## Data section
+--
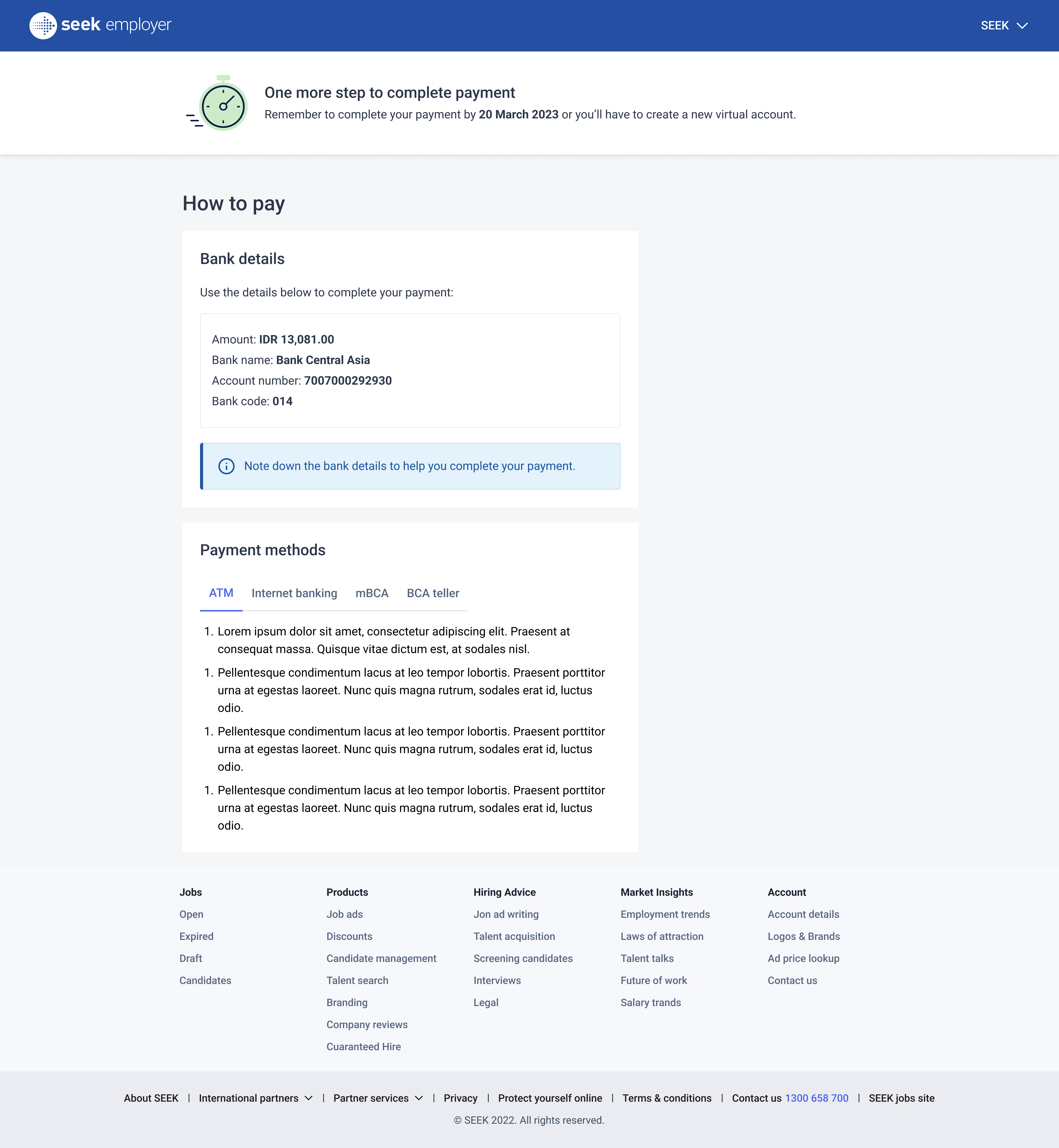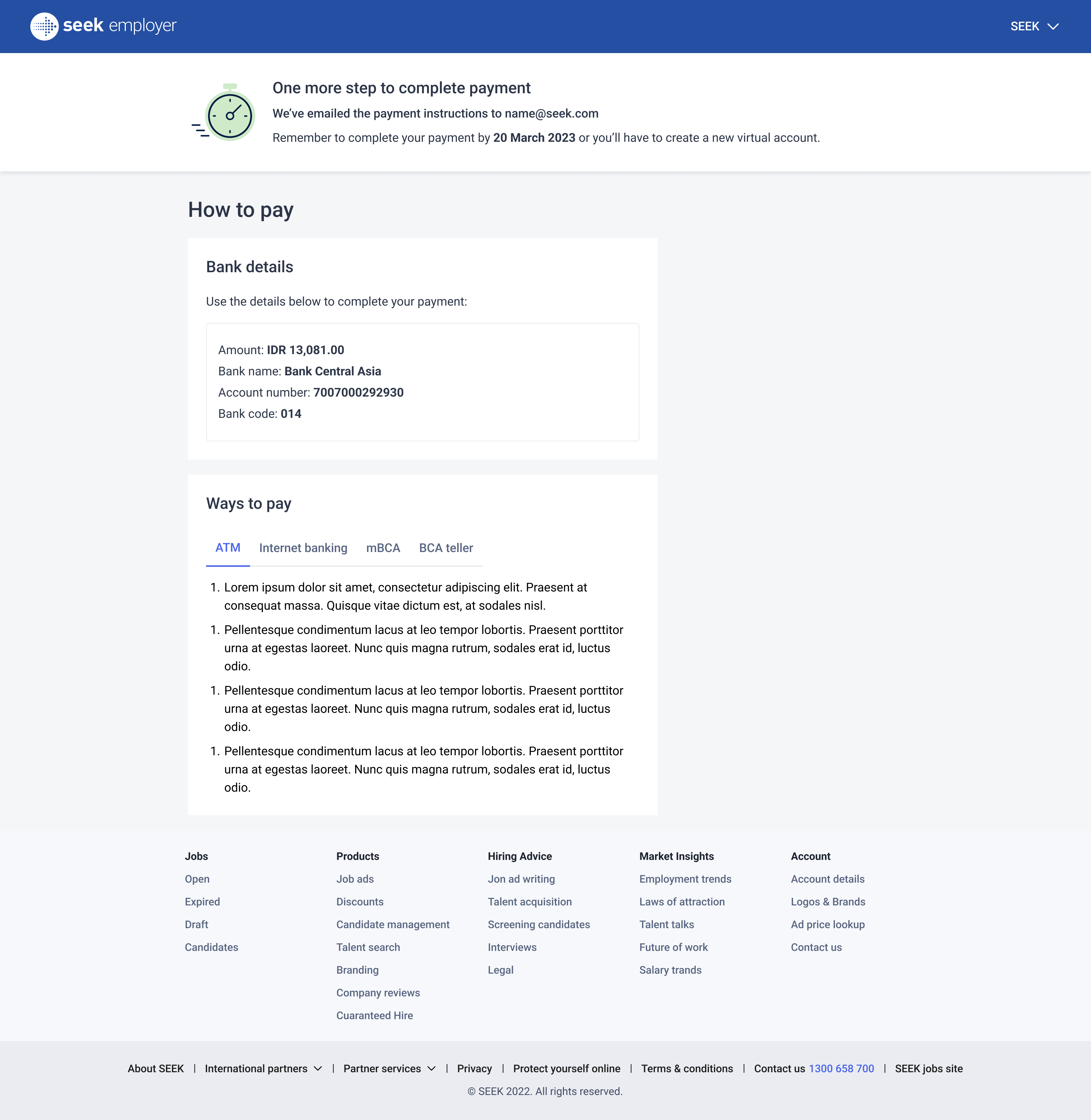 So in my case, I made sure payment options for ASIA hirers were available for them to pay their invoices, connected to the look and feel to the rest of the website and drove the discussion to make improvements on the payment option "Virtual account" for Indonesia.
+--
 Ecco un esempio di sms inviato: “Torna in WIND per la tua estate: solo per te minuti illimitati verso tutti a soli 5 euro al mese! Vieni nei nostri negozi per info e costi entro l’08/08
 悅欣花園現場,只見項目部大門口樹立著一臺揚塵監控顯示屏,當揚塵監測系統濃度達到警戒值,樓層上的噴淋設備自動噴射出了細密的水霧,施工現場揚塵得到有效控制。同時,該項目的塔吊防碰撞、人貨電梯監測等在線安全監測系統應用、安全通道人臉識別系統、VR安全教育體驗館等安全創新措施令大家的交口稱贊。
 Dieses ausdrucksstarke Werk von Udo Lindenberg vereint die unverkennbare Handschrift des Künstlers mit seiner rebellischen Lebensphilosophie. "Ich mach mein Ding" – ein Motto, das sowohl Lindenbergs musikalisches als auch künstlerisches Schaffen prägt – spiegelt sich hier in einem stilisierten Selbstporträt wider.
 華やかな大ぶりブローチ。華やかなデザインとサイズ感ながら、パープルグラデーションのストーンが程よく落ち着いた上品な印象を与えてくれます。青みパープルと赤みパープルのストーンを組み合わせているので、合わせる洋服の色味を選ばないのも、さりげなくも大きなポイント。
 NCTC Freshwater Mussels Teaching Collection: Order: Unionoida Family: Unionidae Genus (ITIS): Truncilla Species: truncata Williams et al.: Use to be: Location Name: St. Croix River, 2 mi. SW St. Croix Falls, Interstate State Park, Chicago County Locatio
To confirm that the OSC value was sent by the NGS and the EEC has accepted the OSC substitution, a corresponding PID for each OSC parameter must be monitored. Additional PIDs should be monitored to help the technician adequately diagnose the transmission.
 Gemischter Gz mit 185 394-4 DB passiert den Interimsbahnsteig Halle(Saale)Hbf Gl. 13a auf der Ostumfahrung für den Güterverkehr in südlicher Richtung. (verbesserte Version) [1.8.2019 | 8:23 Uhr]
+--
## Task prompt
Only the lines above from the one with "Ecco un esempio" through the one with "To confirm that" should be duplicated, character for character.

## Result of this task
 Ecco un esempio di sms inviato: “Torna in WIND per la tua estate: solo per te minuti illimitati verso tutti a soli 5 euro al mese! Vieni nei nostri negozi per info e costi entro l’08/08
 悅欣花園現場,只見項目部大門口樹立著一臺揚塵監控顯示屏,當揚塵監測系統濃度達到警戒值,樓層上的噴淋設備自動噴射出了細密的水霧,施工現場揚塵得到有效控制。同時,該項目的塔吊防碰撞、人貨電梯監測等在線安全監測系統應用、安全通道人臉識別系統、VR安全教育體驗館等安全創新措施令大家的交口稱贊。
 Dieses ausdrucksstarke Werk von Udo Lindenberg vereint die unverkennbare Handschrift des Künstlers mit seiner rebellischen Lebensphilosophie. "Ich mach mein Ding" – ein Motto, das sowohl Lindenbergs musikalisches als auch künstlerisches Schaffen prägt – spiegelt sich hier in einem stilisierten Selbstporträt wider.
 華やかな大ぶりブローチ。華やかなデザインとサイズ感ながら、パープルグラデーションのストーンが程よく落ち着いた上品な印象を与えてくれます。青みパープルと赤みパープルのストーンを組み合わせているので、合わせる洋服の色味を選ばないのも、さりげなくも大きなポイント。
 NCTC Freshwater Mussels Teaching Collection: Order: Unionoida Family: Unionidae Genus (ITIS): Truncilla Species: truncata Williams et al.: Use to be: Location Name: St. Croix River, 2 mi. SW St. Croix Falls, Interstate State Park, Chicago County Locatio
To confirm that the OSC value was sent by the NGS and the EEC has accepted the OSC substitution, a corresponding PID for each OSC parameter must be monitored. Additional PIDs should be monitored to help the technician adequately diagnose the transmission.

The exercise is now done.